DATA FOR REVIEW ->
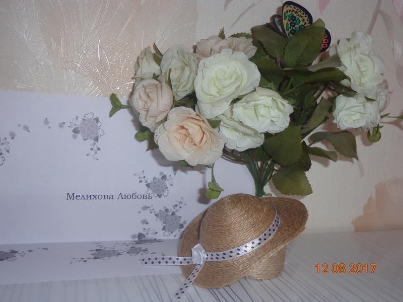 Сувенирные шляпки на букеты, заколки, обручи. Изготовлены из шнура,атласных лент и розочек. Шляпка широкополая:высота-1,5см, диаметр-3,5см, длина шляпки с полями-7см. Шляпка трилби:высота-1,5см, диаметр-3см, длина шляпки с полями-5см. Шляпка канотье: высота-1см, диаметр-3см, длина шляпки с полями-5см. Цена за одну шляпку указанных размеров 15грн., в комплекте 9 шляпок. Возможно изготовление других размеров и выбор цвета атласных лент и розочек по предварительному заказу 2-3дня.
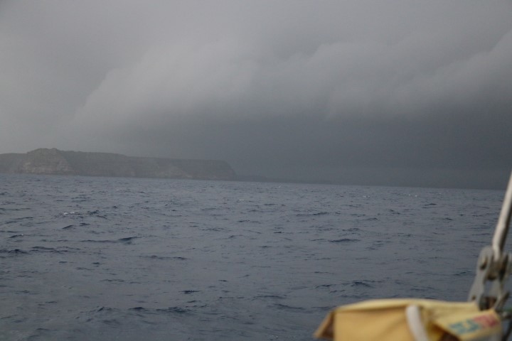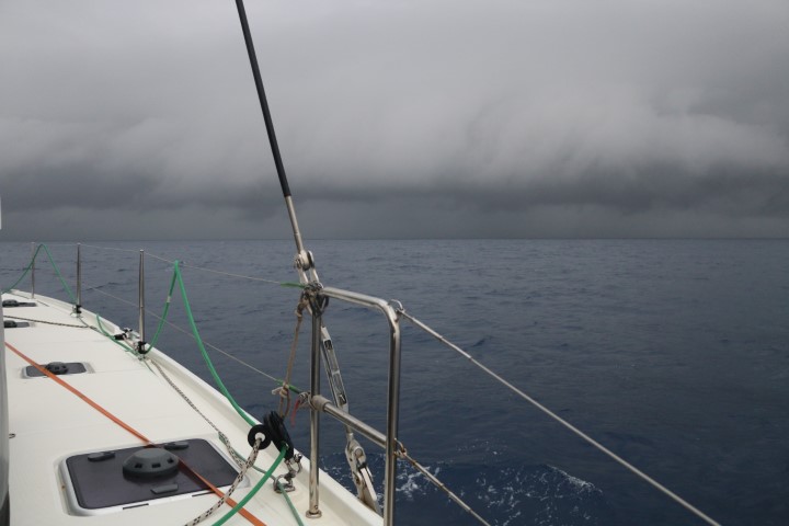 Nebenbei: Die Regenfront zieht eher schneller weg als RE hinterher fährt. Also – eigentlich wäre es nicht schlecht, wenn wir einmal ordentlich „abgewaschen“ werden! So ne halbe Stunde heftiger Regen und der Dreck (Saharastaub auch in den Leinen und am Mast) und das Salz des Atlantiks (überall!) wären gut weg! Aber so gut meint es Petrus nicht mit uns!
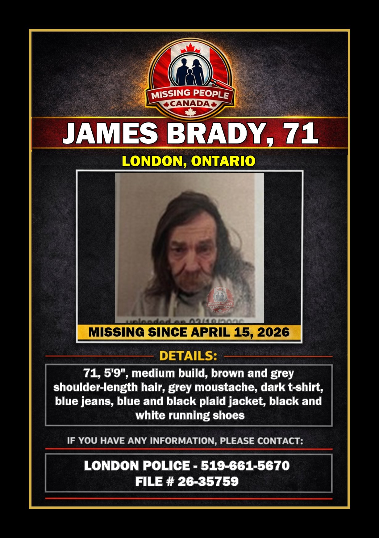 🚨 MISSING MAN IN LONDON, ONTARIO – JAMES BRADY, 71 – LAST SEEN APRIL 15, 2026
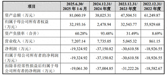 同心医疗财务数据 来源:招股书财务数据来看,2022年至2024年,同心医疗营业收入分别为861.15万元、5035.32万元和7735.05万元,2025年上半年营业收入7207.14万元。同期净亏损分别为1.89亿元、3.06亿元、3.72亿元,以及1.93亿元。
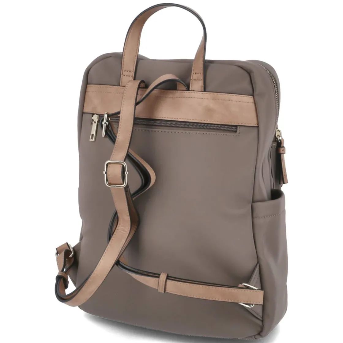Zeitloses Design trifft auf clevere Funktion: Dieser Damentrucksack in elegantem Taupe begleitet stilvoll durch Büro, Uni und Freizeit. Goldfarbene Metallelemente setzen dezente Akzente, während das robuste Finish und der verstärkte Boden Formstabilität verleihen. Das Reißverschlusshauptfach schützt den Inhalt, innen sorgen ein gepolstertes Fach in Laptopgröße und ein zusätzliches Reißverschlussfach für geordnete Essentials. Zwei Fronttaschen halten Kleinigkeiten schnell griffbereit, das Rückenfach bietet Extra-Sicherheit. Mit ca. 37 x 28 x 13 cm und rund 7 Litern Volumen bleibt die Silhouette kompakt, die verstellbaren Tragegurte (bis ca. 90 cm) und der Henkel ermöglichen flexible Trageoptionen. Modetipp: Ton-in-Ton mit beigen, sandfarbenen oder cremeweißen Looks kombinieren und mit zartem Goldschmuck die Hardware elegant aufnehmen.
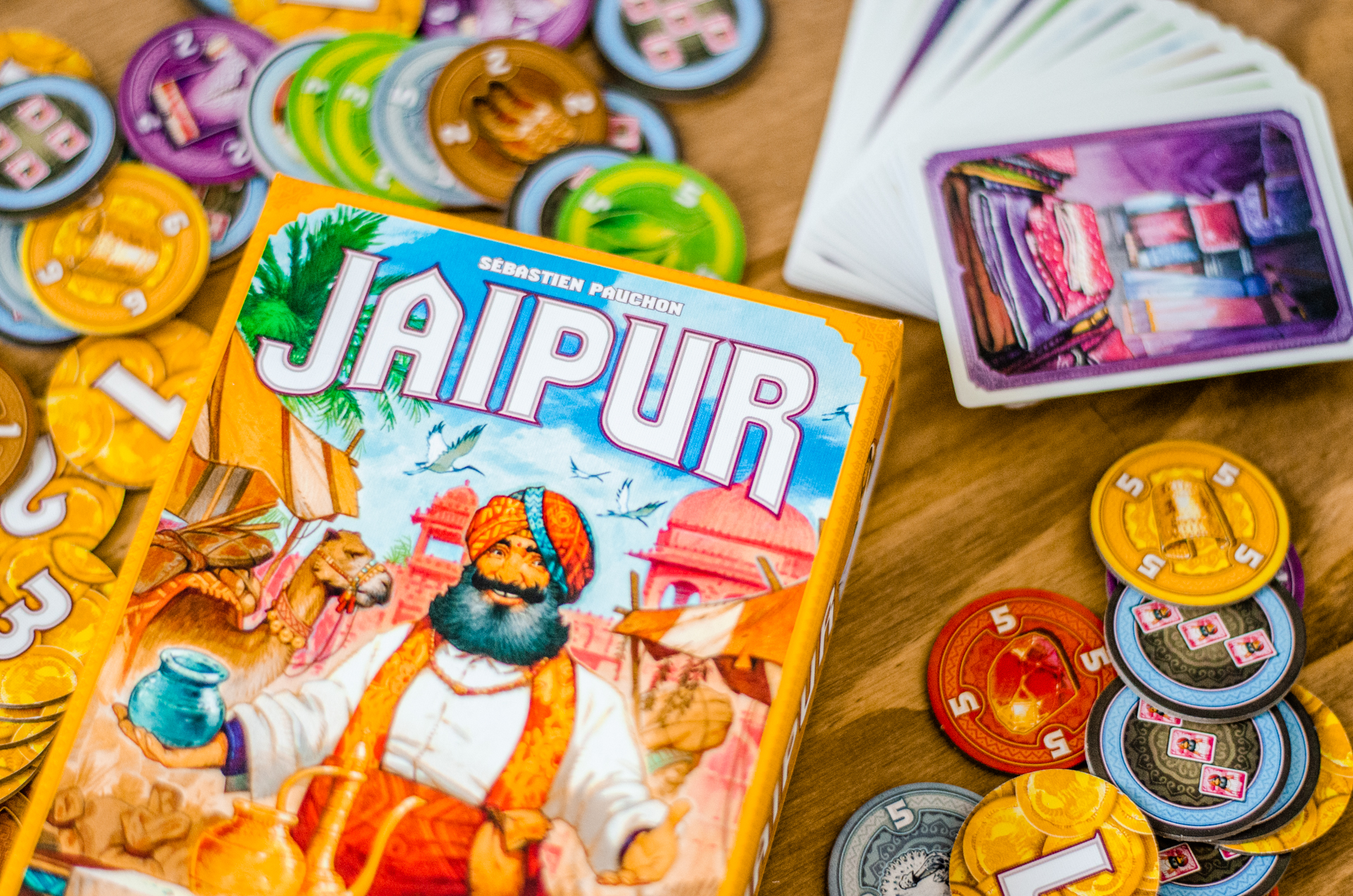 Jaipur é um jogo de cartas de ritmo rápido que combina tática, risco e sorte em um duelo eletrizante! No seu turno, você pode pegar ou vender cartas da sua mão. Se você escolher pegar cartas da mesa, pode optar entre pegar todos os camelos, pegar uma carta de mercadoria ou trocar de 2 a 5 cartas que estão na sua mão com as cartas do mercado.
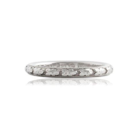 Antique Art Deco Traub 18k White Gold Gleaming Blossom Band Ring 5.00
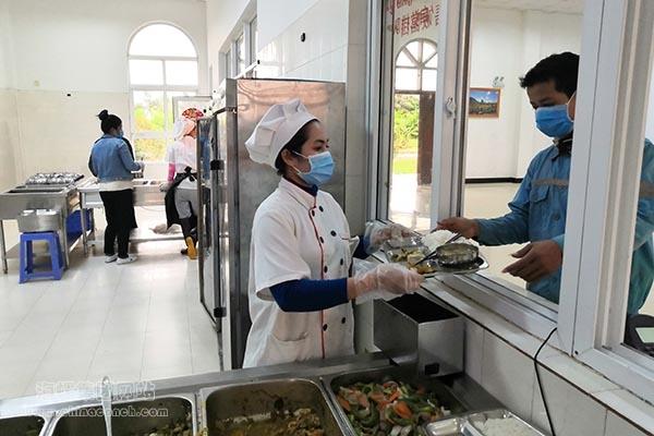 切断传播 阻隔疫情输入风险 中午时间是马德望海螺柬籍厨师Muth Davy(戴维)最忙碌的时候。为保证公司员工的健康安全,公司取消了食堂自助取餐,每天烧完菜之后,戴维要和同事们一起准备现场员工的餐盘,还要协助做好就餐人员的体温检测等工作。被问及柬新年期间的安排,戴维用流利的汉语说:“我和老公商量好了,听从公司的安排,今年过年不回家了,减少走动,对自己的健康负责,也是对大家负责。”
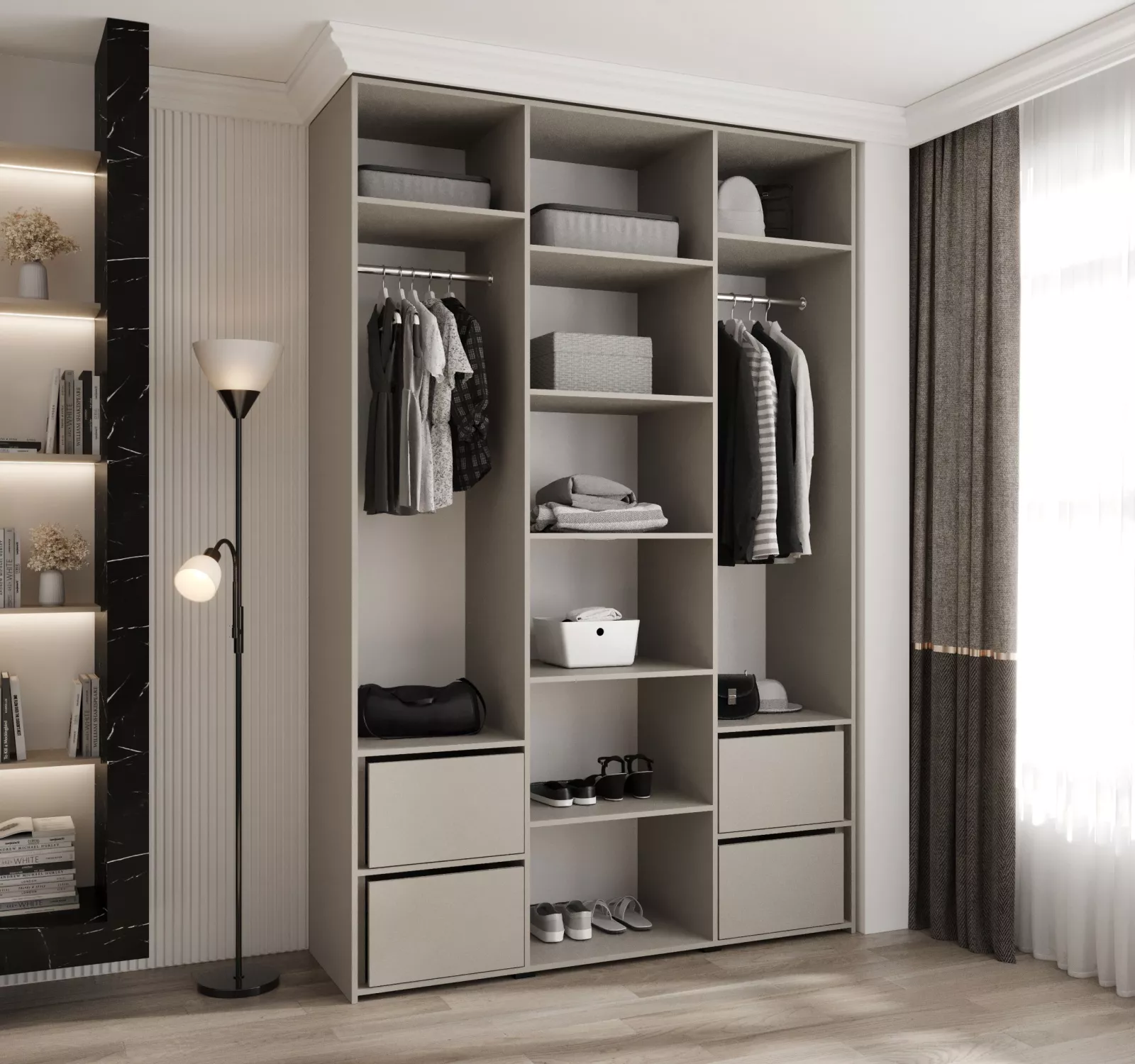 Přídavné šuplíky (včetně pojezdů) a přídavné police vyobrazené na fotografii najdete k dokoupení v sekci Doporučujeme přikoupit. Do skříně je možné nainstalovat 2 sety přídavných šuplíků a 2 sady přídavných polic.
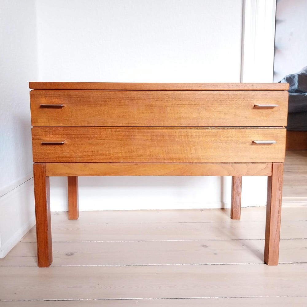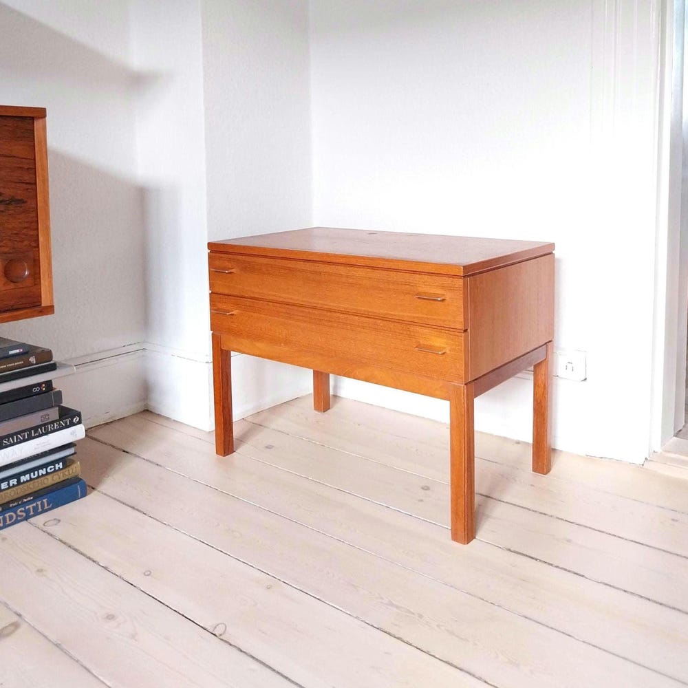 Teak dresser mid century entryway table with drawers vintage teak nightstand Swedish dresser small vintage chest of drawers teak nightstand
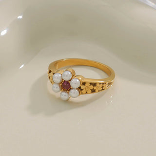 ステンレス304 低ニッケル 水に濡れても錆びにくい 18Kゴールドメッキ リング フラワー 花 パール 【YJ01969】
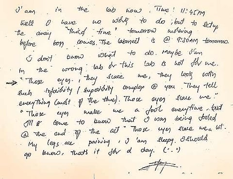 A page from IISc PhD student Ajay Sree Chandra’s diary. He committed suicide on Aug 26, ’07.

DESCRIPTION OF THE TASK -> All lines from the line with "Přídavné šuplíky (včetně" through the final line of the data, both included, are to be repeated exactly; no other lines and no pictures.

RESULT ->
 Přídavné šuplíky (včetně pojezdů) a přídavné police vyobrazené na fotografii najdete k dokoupení v sekci Doporučujeme přikoupit. Do skříně je možné nainstalovat 2 sety přídavných šuplíků a 2 sady přídavných polic.
 Teak dresser mid century entryway table with drawers vintage teak nightstand Swedish dresser small vintage chest of drawers teak nightstand
 ステンレス304 低ニッケル 水に濡れても錆びにくい 18Kゴールドメッキ リング フラワー 花 パール 【YJ01969】
 A page from IISc PhD student Ajay Sree Chandra’s diary. He committed suicide on Aug 26, ’07.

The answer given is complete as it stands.